Researchers say they have successfully used a cell’s natural process for making proteins to ‘slide’ genetic instructions into a cell and produce critical proteins missing from those cells.
If further studies verify the results, this could be a new method for targeting specific cell types for a variety of disorders that could be treated with gene therapies. Such disorders include neurodegenerative diseases that affect the brain, including Alzheimer’s disease, forms of blindness and some cancers.
“For those looking to develop treatments for diseases where cells lack a specific protein, it’s critical to precisely target the cell causing the disease in each structure, such as the brain, to safely kickstart the protein-making process of certain genes,” said Seth Blackshaw, Professor of Neuroscience in the Sol Snyder Department of Neuroscience and member of the Institute for Cell Engineering at the Johns Hopkins University School of Medicine.
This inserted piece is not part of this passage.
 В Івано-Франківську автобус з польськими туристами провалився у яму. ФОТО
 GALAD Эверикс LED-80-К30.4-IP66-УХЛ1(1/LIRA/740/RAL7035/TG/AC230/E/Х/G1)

“Therapies that don’t precisely target diseased cells can have unintended effects in other healthy cells.”
Splicing-linked expression design
Two methods currently used to deliver protein-making packages into cells, ‘mini promoters’ and serotype-mediated gene expression, vary widely

in their effectiveness. “We wanted to develop a gene expression delivery tool that’s broadly useful in both preclinical and clinical models,” said Blackshaw.
The current proof-of-principle study builds on previous research by Johns Hopkins Assistant Professor of Pathology, Jonathan Ling. He published ‘maps” depicting how various cell types use alternative splicing of messenger RNA to construct genetic templates that produce an ever-changing set of proteins in the cell.
Together with Alexei Bygrave, Assistant Professor at Tufts University, Blackshaw and Ling made packages of alternative spliced messenger RNA that could be delivered into cells via a benign virus. Dubbed ‘splicing-linked expression design’ (SLED).
Because the SLED system is not naturally integrated into the genome, the research team added genetic promoters that spark the production of proteins from the packaged SLED product.
Initial success in the lab
The researchers constructed SLED systems for laboratory-cultured excitatory neurons and photoreceptors and were able to produce proteins exclusively in those cell types about half the time. Current minipromoter systems typically get the proteins in the right place about 5% of the time.
The team also found evidence that the SLED packages helped produce PRPH2 proteins in the photoreceptors of treated mice, potentially preventing retinitis pigmentosa.
In human ocular melanomas cultured in the laboratory, the scientists delivered SLED packages into only melanoma cells that lack the SF3B1 gene. The SLED package released RNA-producing protein that made the melanoma cells die.